Rund 50 Prozent in Entwicklungsländer
Kritik an hohen deutschen Rüstungsexporten

Die Gemeinsame Konferenz Kirche und Entwicklung (GKKE) hat die unverändert hohen deutschen Rüstungsexporte kritisiert. In ihrem am Montag in Berlin veröffentlichten Bericht äußerte sich die GKKE insbesondere besorgt darüber, dass im Gegensatz zu den offiziellen Angaben der Bundesregierung die Lieferungen von Großwaffen in Entwicklungsländer im Jahr 2000 einen Anteil von fast 50 % erreicht haben.

ap BERLIN. Nach Feststellung der GKKE hat Deutschland im Jahr 2000 Rüstungsgüter im Wert von rund fünf Mrd. DM (2,56 Mrd. ?) exportiert. Darunter befanden sich Großwaffen im Wert von etwa 2,6 Mrd. DM (1,33 Mrd. ?). Mehr als 90 % der exportierten Kriegswaffen waren Kriegsschiffe.
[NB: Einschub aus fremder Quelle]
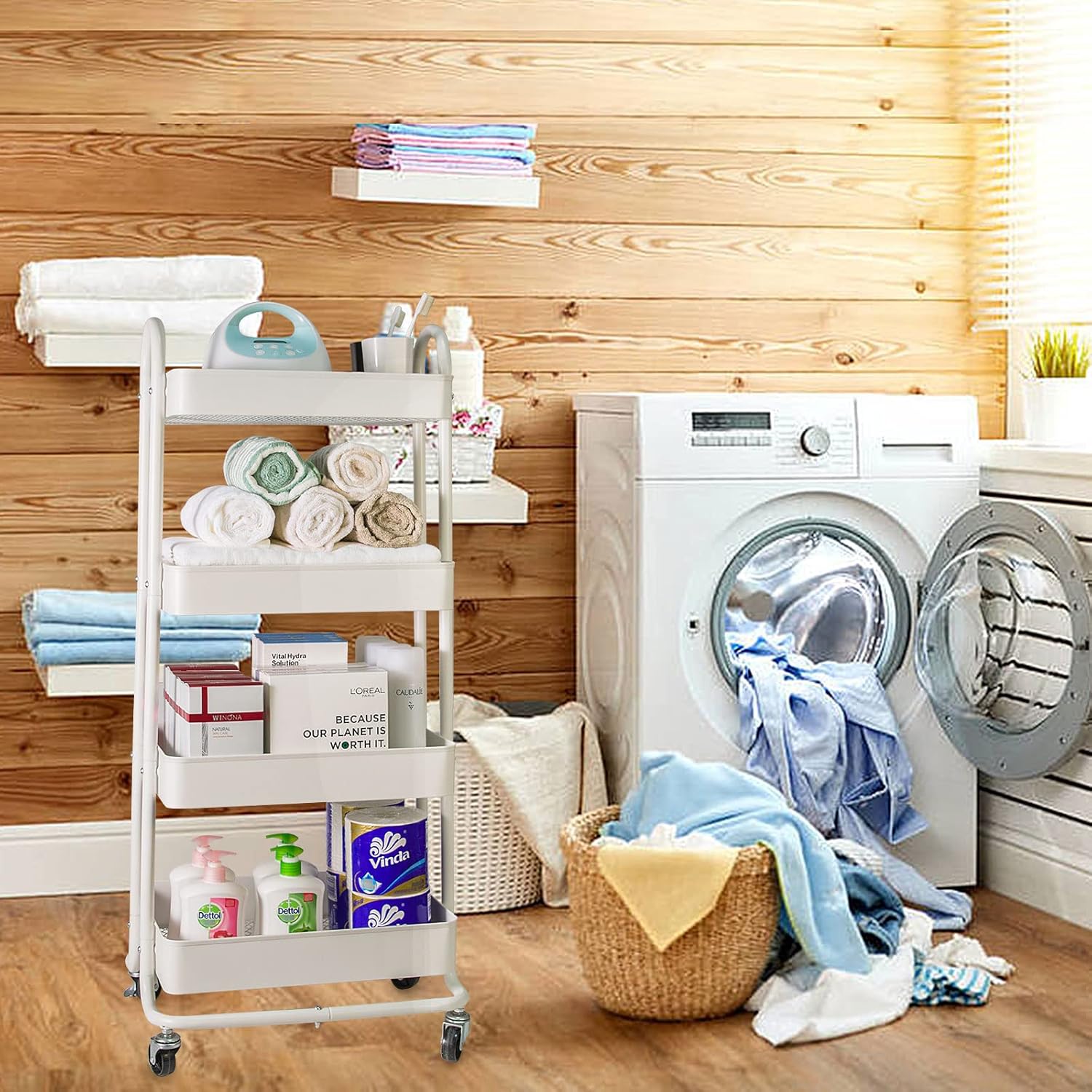 • [Multifunctional Storage Cart] This 4 tier rolling utility cart is easy to store and transport. It can be used as a tools cart, service cart, book cart, art cart, organization rack and more. Suitable for your office, bedroom, kitchen, bathroom, living room, baby room, laundry room, pantry, studio, classroom, and craft areas.

Ausdrücklich widerspricht die GKKS der Feststellung des Rüstungsexportberichts der Bundesregierung, Entwicklungsländer spielten bei deutschen Rüstungsexporten "keine Rolle". So befänden sich auf der OECD-Entwicklungsländerliste I mit Brasilien (neun Mill. DM) und Türkei (36 Mill. DM) zwei Empfänger deutscher Kriegswaffen. Zu der Liste II (Schwellenländer) gehörten darüber hinaus mit Israel (347 Mill. DM) und Südkorea (84 Mill. DM) zwei der wichtigsten Abnehmer deutscher Rüstungsgüter.

Dieses Bild dürfte sich laut GKKS in den nächsten Jahren noch ändern, wenn Südafrika, das aus Deutschland drei U-Boote und vier Korvetten beziehen will, zu einem der größten Importeure deutscher Rüstungsgüter aufsteigen werde. Die Organisation verlangte in diesem Zusammenhang ein Moratorium der Waffenlieferungen nach Südafrika bis zur Klärung der im Zusammenhang damit erhobenen Korruptionsvorwürfe.

Ausdrücklich bedauerte die GKKS, dass die Bundesregierung die in der rot-grünen Koalitionsvereinbarung zugesagte restriktive Rüstungsexportpolitik sowie die vereinbarte Berücksichtigung der Menschenrechtslage im Empfängerland nicht umgesetzt habe. Der deutsche Export an Kriegswaffen und Rüstungsgütern sei seit 1998 nicht zurückgegangen, sondern habe inzwischen wieder das Niveau der frühen neunziger Jahre erreicht. Deutschland sei unverändert der fünftgrößte Rüstungsexporteur der Welt nach USA, Russland, Großbritannien und Frankreich. Eingeräumt wird allerdings auch, dass die Bundesregierung nach Amtsantritt viele Fälle habe abarbeiten müssen, die von ihrer Vorgängerin unter anderen politischen Vorzeichen eingeleitet worden seien.